Much flapping in the Vicarage this morning. The Vicar and I had put the lights out too late last night. Note to self: Christians on their way to heaven get to bed before eleven. As a result we were late up this morning and not chivvying the kids as early as usual.
We seemed to be getting away with it – it was 8.15am, the boys were downstairs and dressed and the Queen, so it was thought, was dressed but on the loo upstairs. We have to be out of the door at 8.40am at the latest.
Then it all started to go wrong. The Engineer had a meltdown because he wanted to practice the piano before his breakfast. As it was already 8.20am we suggested he eat first. Major strop. Then it was 8.25am and the Queen was still absent. I called up and she appeared out of the toilet. In her pjs. She’d been reading.
Following coaxing and flapping in equal measure we managed to make school just as the whistle went in the playground at 8.45am. Phew, we did it. But not everyone did.
Just as I see every morning, as I headed back home at 8.50am many stragglers were appearing down the slope that leads to the school gate. Some were with parents and being hurried, others with parents who mooched. And some kids were strolling along on their own.
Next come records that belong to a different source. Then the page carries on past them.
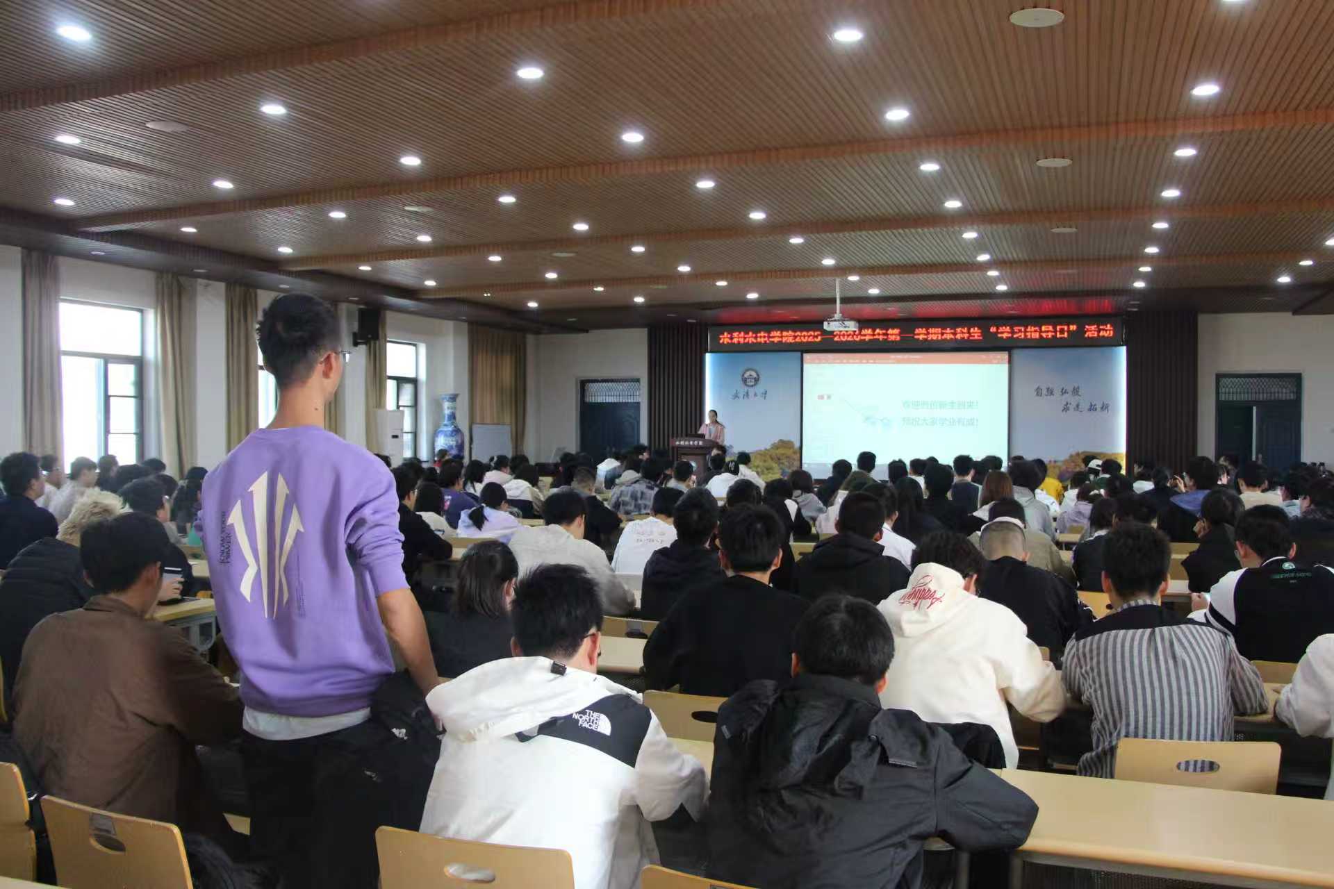 为营造良好的学习氛围,引导学生积极进取、努力学习,培养学生健康的学习习惯和科学的学习方法,全面提升学生培养质量,学院于10月28日下午开展了2025级本科生“学习指导日”活动。辅导员慈晓虎,教学办公室高晶、黄晓羽,优秀学生代表徐人杰、黄思睿及全体2025级本科新生参加了会议。会议由慈晓虎主持。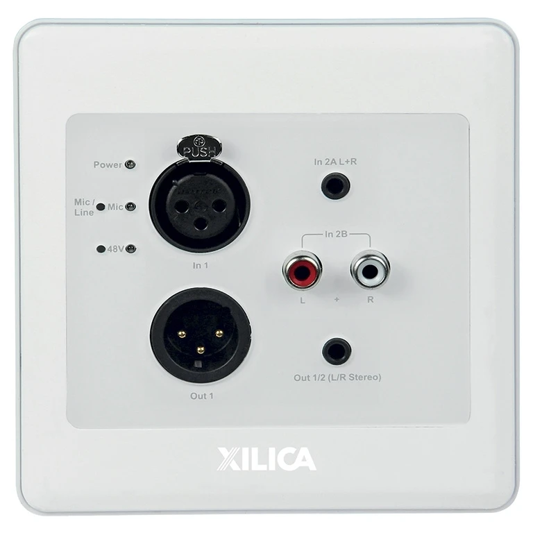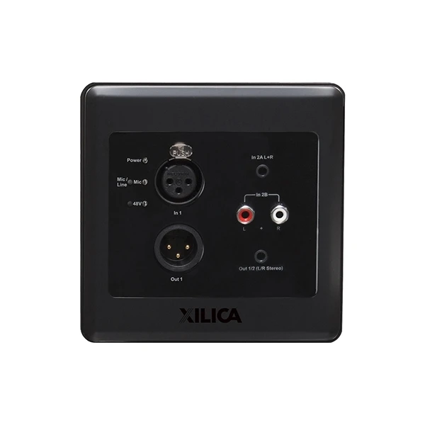 Настенный транскодер аналоговых аудиосигналов и сигналов интерфейса Dante, входы XLR (розетка) + miniJack 3,5 мм + 2 х RCA, выходы XLR (вилка) + miniJack 3,5 мм, питание по PoE 48 В или внешнее.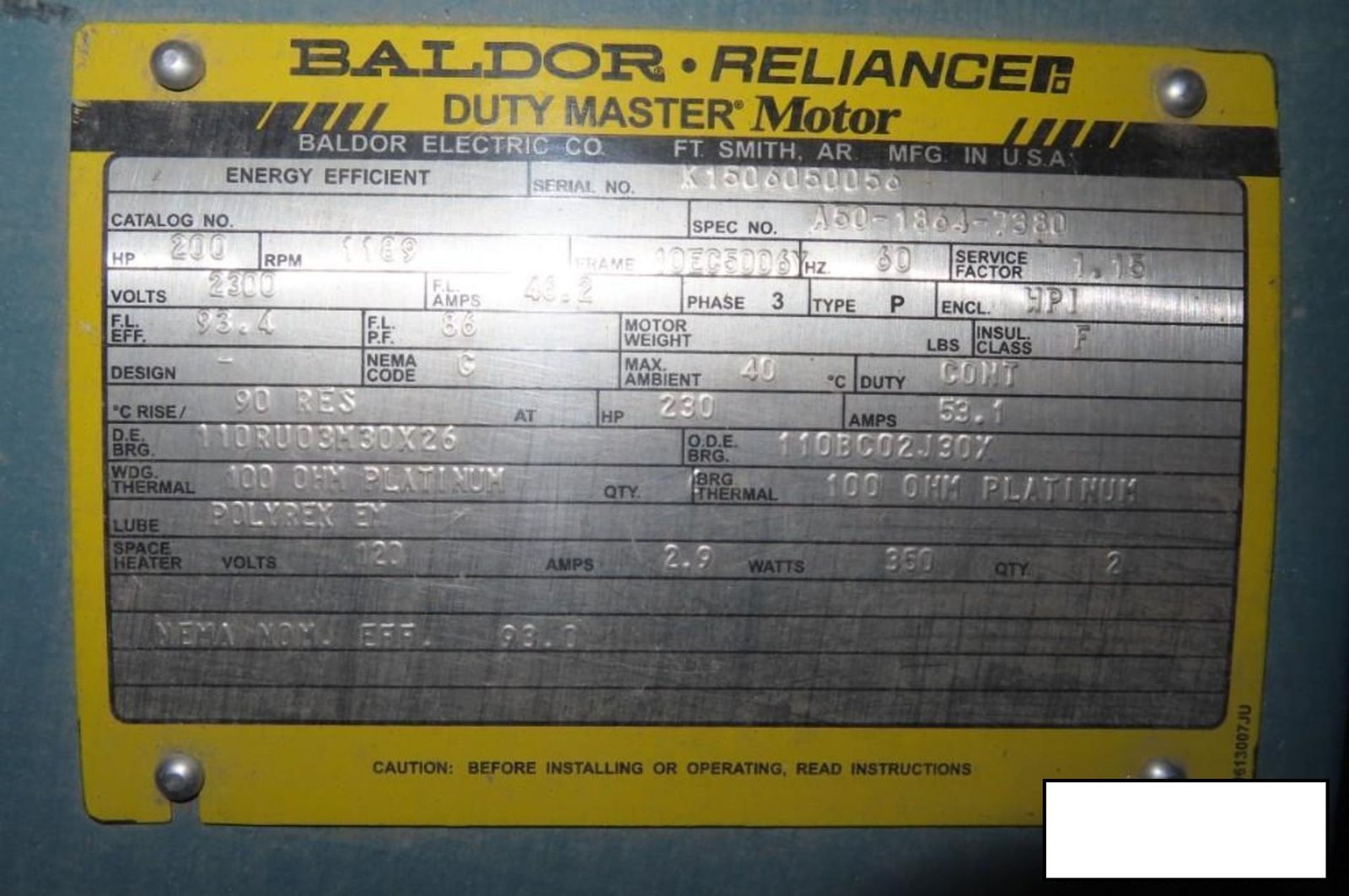 Baldor motor, 200 hp, 1189 RPM, 10EC5006Y frame, s/n K156050056

When I spot kids on their own who lack a sense of urgency I like to encourage them to get one. ‘Chop, chop you’re late’ is my normal cry. It’s not always effective. But this morning I had success with a gang of lads who I see almost every morning as I head back.
‘I’ll time you – see if you can make it down to the gate in 20 seconds’ I said. It was wonderful to see them pelting down to school. They were only a few minutes late, but they are learning the habit of lateness and a lack of respect for school rules. I never see a parent with them. I’m sad for these boys and suspect that they are going to struggle to bridge the growing gap between rich and poor, reported by the National Equality Panel this morning.
At the bottom of the BBC’s report there is a graph which shows much inequality is ‘unexplained’. I wonder how much correlation you could find between a lateness and absenteeism record in primary school and future success.